* _DATASET CONTENT_
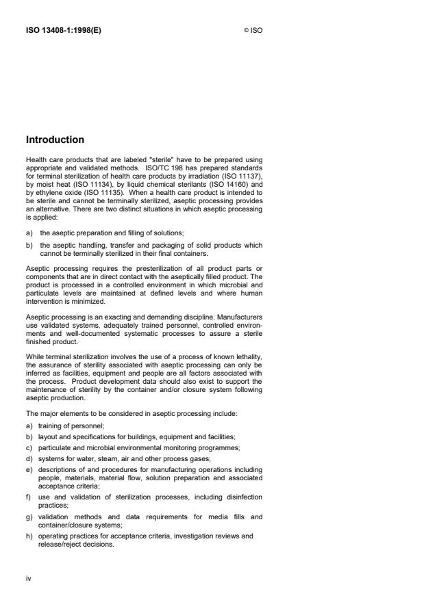 ISO 13408-1:1998 is a standard published by the International Organization for Standardization (ISO). Its full title is "Aseptic processing of health care products — Part 1: General requirements". This standard covers: Aseptic processing of health care products — Part 1: General requirements
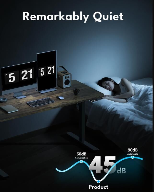 --【Built to Last with Exceptional Stability】The industrial-grade steel frame and T-shaped design of the stand up desk support up to 70 Kgs, ensuring stability and reliability for years to come. Paired with a durable motor, this home office desk is designed to meet the demands of your dynamic workday
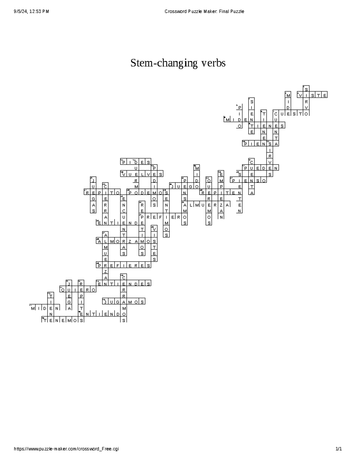 Crossword puzzle key y kow same thing Stem changing verbs 1 2 S M

* _WORK ITEM_
Please copy out the whole listing exactly, minus its pictures.

* _RESULT FOR THIS EXERCISE_
 ISO 13408-1:1998 is a standard published by the International Organization for Standardization (ISO). Its full title is "Aseptic processing of health care products — Part 1: General requirements". This standard covers: Aseptic processing of health care products — Part 1: General requirements
 --【Built to Last with Exceptional Stability】The industrial-grade steel frame and T-shaped design of the stand up desk support up to 70 Kgs, ensuring stability and reliability for years to come. Paired with a durable motor, this home office desk is designed to meet the demands of your dynamic workday
 Crossword puzzle key y kow same thing Stem changing verbs 1 2 S M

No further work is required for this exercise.